Chicagoites, market monetarists, supply-siders, NDGP targeters, and other free market proponents frankly don't have much to say about MMT. They already accept the premise of "monetary policy," i.e., that government or central banks should issue and control money in society. They already accept treating the money supply and interest rates as forms of policy tools. They already accept deficits and taxes as methods to prime or slow the economy. So although they may object to how Ms. Kelton wants to use money politically, they can't much object to whether money is used politically.1
Kelton deserves credit for writing a book aimed at lay audiences instead of for her peers in academic economics. Unlike most of those peers, she seems genuinely interested in helping us understand how the world works. And unlike most left progressive academics, she also seems interested in helping average people improve their lot in life. Perhaps most importantly, she does not display the kind of contempt and anger toward Red State America we see from the Paul Krugmans and Noah Smiths.

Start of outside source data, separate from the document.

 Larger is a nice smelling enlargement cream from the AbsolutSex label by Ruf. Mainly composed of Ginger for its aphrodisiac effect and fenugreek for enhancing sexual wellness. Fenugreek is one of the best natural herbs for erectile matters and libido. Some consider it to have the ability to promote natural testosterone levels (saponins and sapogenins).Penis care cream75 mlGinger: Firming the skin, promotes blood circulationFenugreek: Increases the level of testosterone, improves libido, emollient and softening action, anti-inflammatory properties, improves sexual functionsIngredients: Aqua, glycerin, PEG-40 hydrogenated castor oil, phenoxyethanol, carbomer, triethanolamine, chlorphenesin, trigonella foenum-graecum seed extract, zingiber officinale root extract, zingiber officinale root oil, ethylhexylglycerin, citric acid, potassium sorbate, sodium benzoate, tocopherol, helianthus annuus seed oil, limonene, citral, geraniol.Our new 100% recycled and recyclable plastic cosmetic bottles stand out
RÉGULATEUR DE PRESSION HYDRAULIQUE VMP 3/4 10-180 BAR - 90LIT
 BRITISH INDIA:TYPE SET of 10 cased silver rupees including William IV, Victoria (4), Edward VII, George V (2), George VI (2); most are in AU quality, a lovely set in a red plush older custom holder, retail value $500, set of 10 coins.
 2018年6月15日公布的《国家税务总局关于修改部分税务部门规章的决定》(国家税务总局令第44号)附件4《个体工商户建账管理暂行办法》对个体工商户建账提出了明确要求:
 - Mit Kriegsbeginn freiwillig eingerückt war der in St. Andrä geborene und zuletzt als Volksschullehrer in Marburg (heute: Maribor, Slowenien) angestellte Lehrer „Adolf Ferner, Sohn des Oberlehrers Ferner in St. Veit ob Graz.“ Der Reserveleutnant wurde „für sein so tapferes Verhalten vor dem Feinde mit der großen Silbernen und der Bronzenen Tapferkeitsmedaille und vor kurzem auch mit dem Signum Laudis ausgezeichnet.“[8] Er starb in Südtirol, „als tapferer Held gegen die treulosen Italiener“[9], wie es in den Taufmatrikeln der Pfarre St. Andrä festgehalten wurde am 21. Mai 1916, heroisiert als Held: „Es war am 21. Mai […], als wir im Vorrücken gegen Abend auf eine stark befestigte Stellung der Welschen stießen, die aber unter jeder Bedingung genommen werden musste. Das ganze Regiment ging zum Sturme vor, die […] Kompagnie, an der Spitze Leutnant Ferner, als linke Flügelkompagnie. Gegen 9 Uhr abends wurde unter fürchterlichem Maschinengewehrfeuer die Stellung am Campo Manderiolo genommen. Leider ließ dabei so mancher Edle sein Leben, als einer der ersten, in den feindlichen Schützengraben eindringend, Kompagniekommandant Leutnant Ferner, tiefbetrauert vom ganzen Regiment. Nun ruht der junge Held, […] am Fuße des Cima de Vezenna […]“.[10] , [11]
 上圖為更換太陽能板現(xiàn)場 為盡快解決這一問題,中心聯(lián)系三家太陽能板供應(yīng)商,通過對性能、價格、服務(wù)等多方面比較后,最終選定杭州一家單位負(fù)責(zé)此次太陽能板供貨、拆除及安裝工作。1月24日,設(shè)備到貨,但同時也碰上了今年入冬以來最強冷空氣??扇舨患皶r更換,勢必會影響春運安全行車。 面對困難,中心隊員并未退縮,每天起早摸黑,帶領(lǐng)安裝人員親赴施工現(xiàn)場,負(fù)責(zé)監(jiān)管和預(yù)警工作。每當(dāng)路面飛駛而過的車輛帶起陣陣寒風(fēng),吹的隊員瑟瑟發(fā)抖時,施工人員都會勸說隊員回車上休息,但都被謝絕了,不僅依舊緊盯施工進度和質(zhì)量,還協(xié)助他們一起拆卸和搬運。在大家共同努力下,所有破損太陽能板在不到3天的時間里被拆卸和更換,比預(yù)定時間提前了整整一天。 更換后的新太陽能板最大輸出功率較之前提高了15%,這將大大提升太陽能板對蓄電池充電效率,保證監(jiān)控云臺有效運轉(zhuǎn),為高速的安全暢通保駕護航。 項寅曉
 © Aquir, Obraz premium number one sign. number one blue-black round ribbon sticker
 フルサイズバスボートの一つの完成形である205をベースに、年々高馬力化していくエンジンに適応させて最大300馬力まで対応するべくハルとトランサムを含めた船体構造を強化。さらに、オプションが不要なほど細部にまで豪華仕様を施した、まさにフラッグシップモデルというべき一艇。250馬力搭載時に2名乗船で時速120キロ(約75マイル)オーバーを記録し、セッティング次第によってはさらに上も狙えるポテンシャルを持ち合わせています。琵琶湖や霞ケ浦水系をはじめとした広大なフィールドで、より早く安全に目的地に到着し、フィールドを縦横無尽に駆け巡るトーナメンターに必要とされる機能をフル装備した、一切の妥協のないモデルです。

It's easy for those of a free market bent to dismiss MMT out of hand, but the impulse to create something from nothing resides deep in the human psyche, and politics is where this impulse finds expression. We should not underestimate the allure of MMT in the midst of our current upheavals, because it appears to make possible every left progressive program: unlimited public works and federal jobs, useless and uneconomic green energy schemes, reparations for black Americans, Medicare for All, free college, free housing, and a host of others. MMT is the perfect economic proposal for those who sincerely and deeply believe wealth simply exists in America, and will continue to exist, regardless of incentives. All we need to do is figure out how to more fairly divvy it up—and so why not through government spending?

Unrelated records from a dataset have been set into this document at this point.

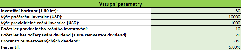 | Stručný popis | Investiční horizont | Počáteční investice | Pravidelná investice | Počet let pravidelné investice | Počet let bez odčerpávání dividend | Procento reinvestovaných dividend | |
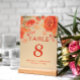 Mariage de automne Floral Orange Brûlé Numéro de table. Éléments correspondants disponibles.
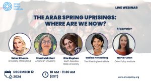 Orion Policy Institute hosted a live webinar on Thursday, December 12 between 10 AM – 11:30 AM (EST) titled, “The Arab Spring Uprisings: Where Are
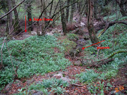 От беседки не осталось и следа, кроме (возможно) не явно выраженного округлого понижения среди шибляка.
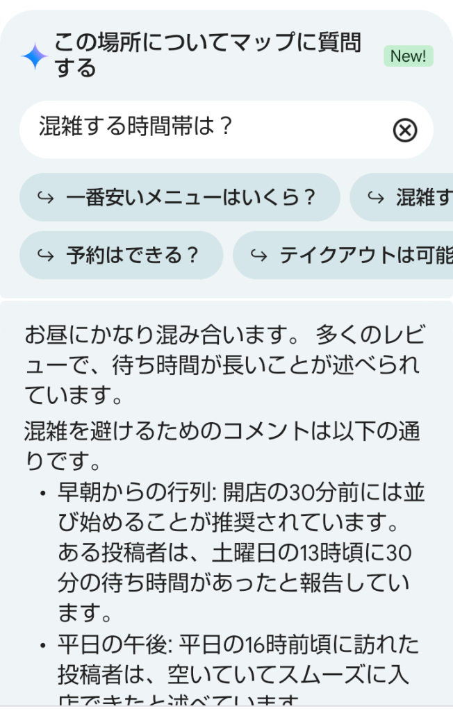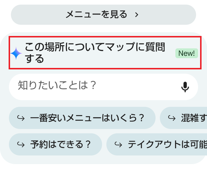 国内でも一部の飲食店等で実装されており、モバイルのマップアプリで検索すると「この場所についてマップで質問する」と表示されます。
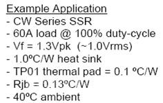 通過(guò)使用以上公式,我們開始估計(jì)固態(tài)繼電器內(nèi)部可控硅(SCR)硅片的在給定應(yīng)用參數(shù)下的實(shí)際溫度。舉例,假設(shè)我們90A CWD系列固態(tài)繼電器在阻性加熱應(yīng)用設(shè)備中,帶動(dòng)60安培的負(fù)載電流。假定環(huán)境溫度40度,滿載以及1.0oC/W的散熱器為例。CW系列固態(tài)繼電器的常規(guī)壓降為1.0Vrms,并且90安培的CW的結(jié)溫Rjb是0.13oC/W(參照規(guī)格書)。需要注意的是規(guī)格書中的壓降是電壓的峰值。我們轉(zhuǎn)換這RMS值我們轉(zhuǎn)換此成RMS值計(jì)算功率耗散,在這種情況下是1.3Vpk或0.9Vrms。然而,簡(jiǎn)單來(lái)說(shuō)我們用1W/amp來(lái)計(jì)算。它留給我們一些余量,更重要的是便于計(jì)算。
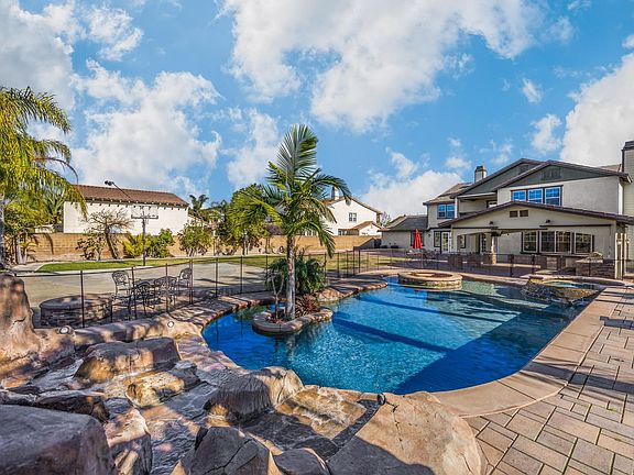This beautiful home is located in College Park Community is one of a kind. The home features over 4,766 square feet of living space on over a 20,000 square feet lot. This home is packed with amenities. This home features 5 spacious bedrooms, 4 and a half bathrooms, full size kitchen, and a bonus loft area. As you walk onto the home, you will see over a 40' drive-way with a gate for RV Parking. Downstairs the home features an office, formal living room, and a formal dining room. The spacious kitchen and living room is where you will be spending majority of your time with your family. Furthermore, there is a down-stairs bedroom and a private bathroom. When you head upstairs through the dual staircase, you will be able to access 4 bedrooms perfect for a family, with space for a guest bedroom. The master bedroom features 2 full size closets, a tub, and a dual standing shower. The master bedroom also has a bonus loft area + private balcony over-looking the spectacular backyard. If you enjoy being outdoors, then this backyard is a complete dream come true. This home's backyard features an outdoor kitchen, fully equipped with a stove, mini-fridge, and a BBQ. There is a basketball court, a fire-pit, a full size swimming pool with an in-pool fire feature as well. With over 20,000 square feet lot, there is plenty of space for an entire family looking to make this a home. The majority of the home features marble flooring and wood flooring throughout the entire house. This home is perfect for a big family, that wants to live in a safe Neighbhor hood close to all of City of Chino's amenities. Just minutes away from Grocery Store, 71 and 60 Freeway, and Chino Shoppes. This home is ready to move-in and comes FULLY furnished with outdoor furniture ready to move-in. Schedule a tour for this home today! Renter is responsible for all Utilities. Pet Friendly - Pet Rent + Pet Deposit required separately. Must qualify for Income + Credit Score Renter is responsible for all Utilities, Landscaping, Pool Service, and HOA
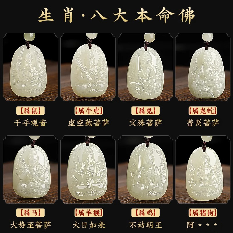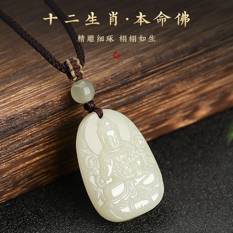 普陀山本命佛和田玉吊坠十二生肖玉佩男女款玉石项链大势至菩萨
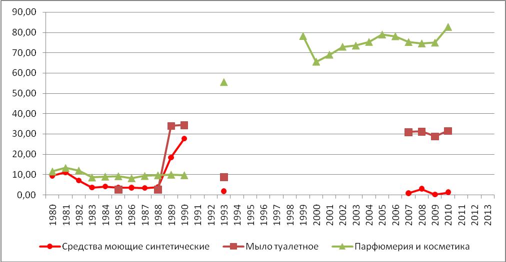 Рисунок 10 – средства моющие синтетические, туалетное мыло, парфюмерия и косметика. Импортозависимость, %.
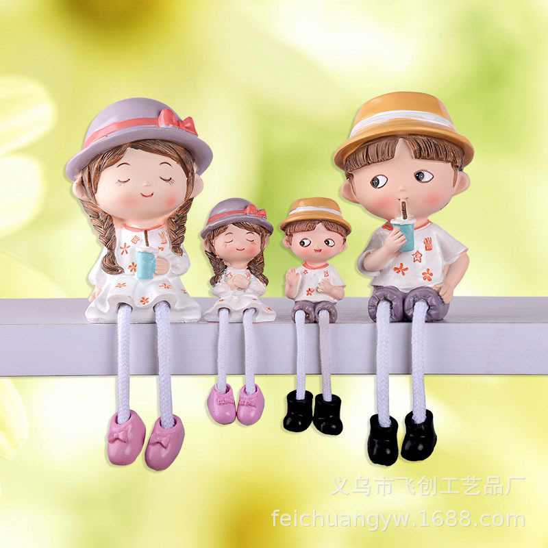 귀여운 선반 수지 교수형 발 인형 공예품 4 개의 신공장 직공급 크리에이티브 만화 가족
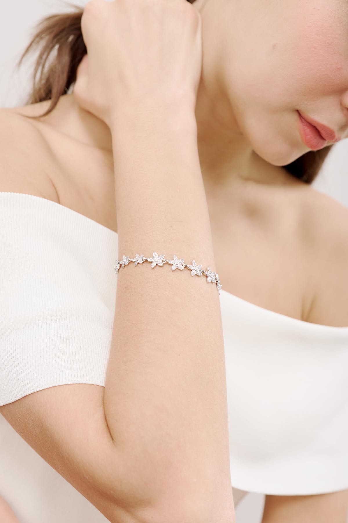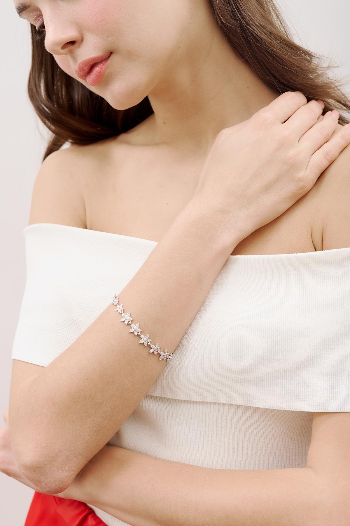ÇİÇEK DETAYLI TAŞLI BİLEKLİK GÜMÜŞ
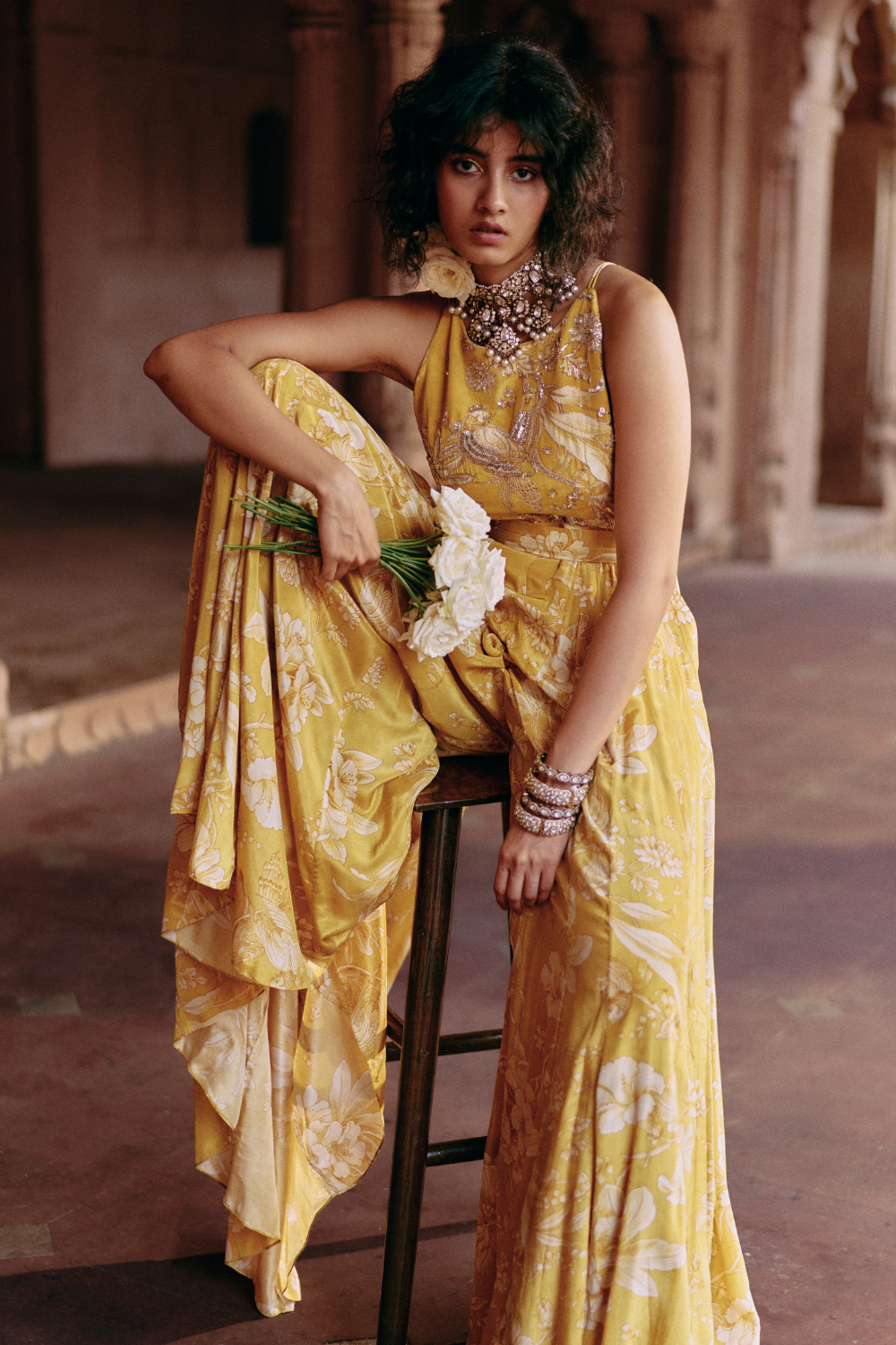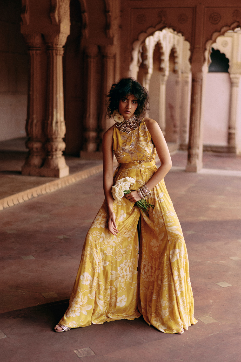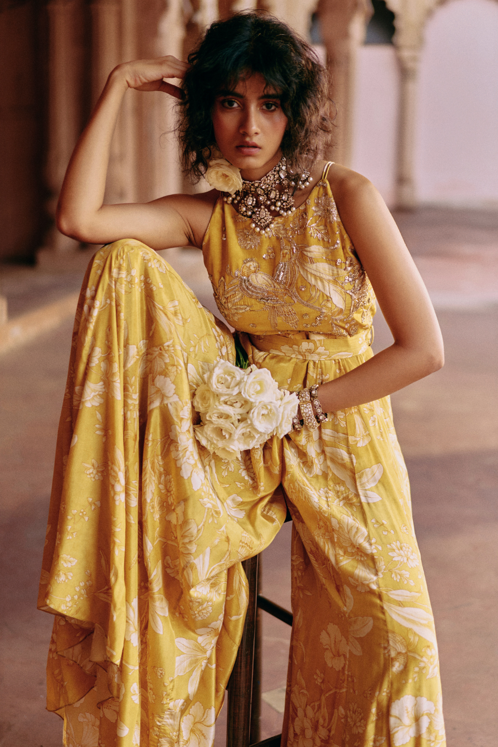 A tuscany yellow jumpsuit featuring our signature Roop flip bird print, featuring a pair of birds in their enchanting habitat. The print is enhanced with hand-embroidery in zardozi and aari work and the look is complete with a printed belt.

The promise of something for nothing will never lose its luster. MMT should be viewed as a form of political propaganda rather than any kind of real economics or public policy. And like all propaganda, it must be fought with appeals to reality. MMT, where deficits don't matter, is an unreal place.
- 1. Austrians have always decried state-ordered or central bank monetary expansion per se, because it produces no new wealth in society but benefits those closely connected to the new money. And Austrians consistently apply Say's law to refute the entrenched idea that demand and consumption form the foundation of a healthy economy.